Beroep tegen omgevingsvergunning voor woning en uitweg in Katwijk

In deze uitspraak beoordeelt de rechtbank het beroep van eisers tegen de door het college van burgemeester en wethouders van Katwijk verleende omgevingsvergunning voor het bouwen van een woning en het maken van een uitweg op een perceel in Katwijk. Eisers, die ieder voor een deel eigenaar zijn van de niet-openbare weg naast het perceel, stellen dat de reguliere woning niet is toegestaan volgens het bestemmingsplan. De rechtbank oordeelt echter dat het college zich in redelijkheid op het standpunt heeft gesteld dat het bouwplan ruimtelijk aanvaardbaar is en voldoet aan de gebiedsvisie "Mient Kooltuin". De rechtbank vindt dat het college het aantal verkeersbewegingen voldoende heeft gemotiveerd en dat de vrees voor ongewenste precedentwerking door eisers niet is onderbouwd. Het beroep van eisers wordt ongegrond verklaard.
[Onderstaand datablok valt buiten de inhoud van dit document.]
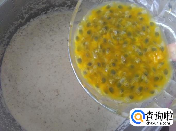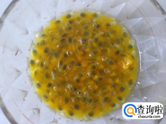 百香果切开,把里面的果肉用勺子挖出来放置碗里。
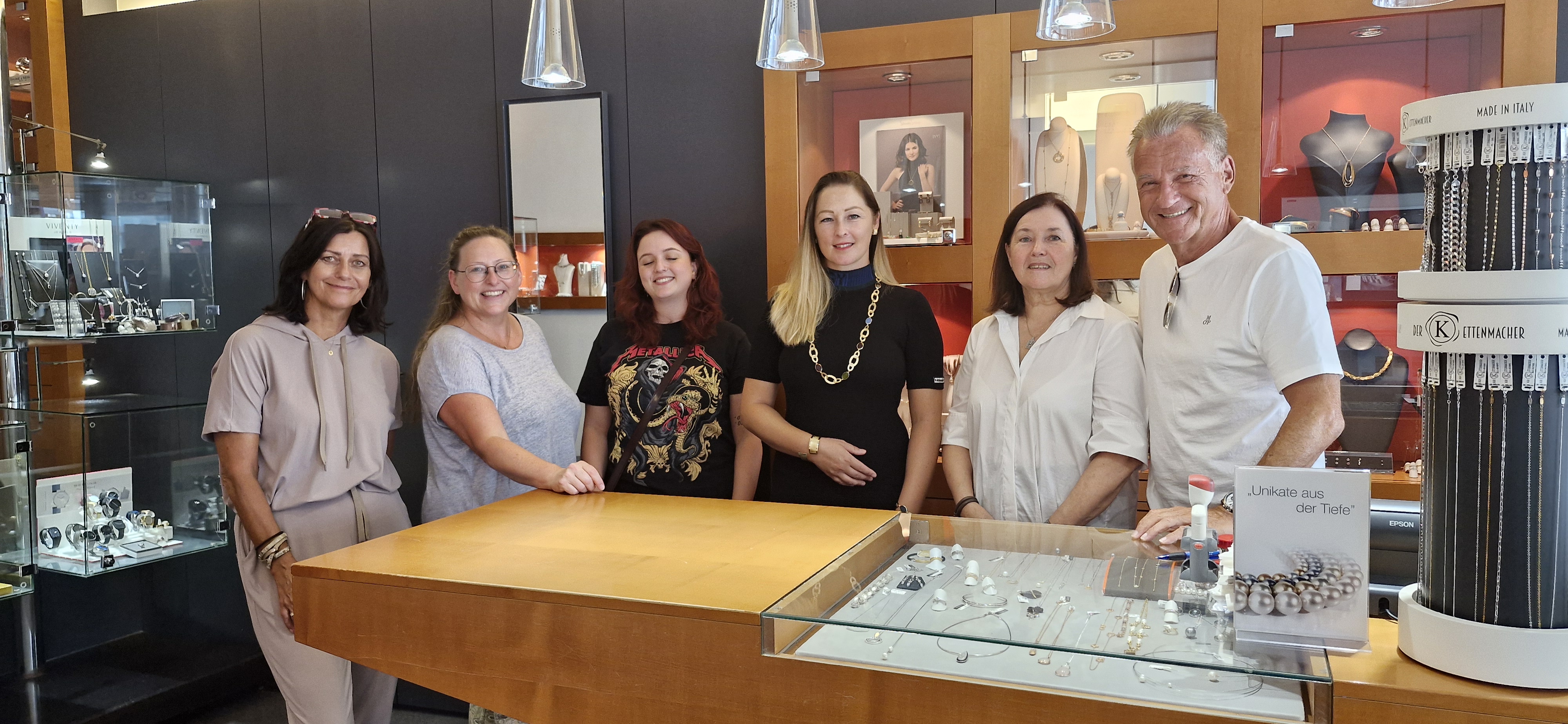 Das Kalender der Vielfalt-Team mit Marijana bei Juwelier Hasenzagl: Karin Schreylehner, Martina Eigelsreiter, Julia Höllmüller, Marijana, Christa Wohlmuth und Wolfgang Stadler.

De rechtbank heeft op 22 april 2025 de zaak behandeld, waarbij eisers en hun gemachtigde, de gemachtigde van het college, en de vergunninghouder met gemachtigde aanwezig waren. De vergunninghouder had op 6 oktober 2021 een omgevingsvergunning aangevraagd, die op 14 april 2023 werd verleend. De rechtbank concludeert dat eisers als belanghebbenden kunnen worden aangemerkt, maar dat hun beroepsgronden niet slagen. De rechtbank oordeelt dat de omgevingsvergunning in stand blijft en dat eisers geen vergoeding van proceskosten ontvangen. De uitspraak is gedaan door mr. D.A.J. Overdijk en is openbaar uitgesproken op 27 mei 2025.

Uitspraak

RECHTBANK DEN HAAG
Bestuursrecht
zaaknummer: SGR 23/3576

uitspraak van de enkelvoudige kamer van 27 mei 2025 in de zaak tussen

[eiser 1] en [eiser 2] , uit [woonplaats] , eisers

(gemachtigde: mr. W.J. Vroegindeweij),
en

het college van burgemeester en wethouders van Katwijk

(gemachtigde: mr. A.C. van der Gugten).
Als derde-partij neemt aan de zaak deel:
[naam 1] en [naam 2](samen vergunninghouder) uit [woonplaats] (gemachtigde: mr. M.R. Plug).

Inleiding

1. In deze uitspraak beoordeelt de rechtbank het beroep van eisers tegen de door het college verleende omgevingsvergunning voor het bouwen van een woning en het maken van een uitweg op het perceel [adres] in [plaats] .
1.1.
Het college heeft op het beroep gereageerd met een verweerschrift. Vergunninghouder heeft een schriftelijke uiteenzetting gegeven.
1.2.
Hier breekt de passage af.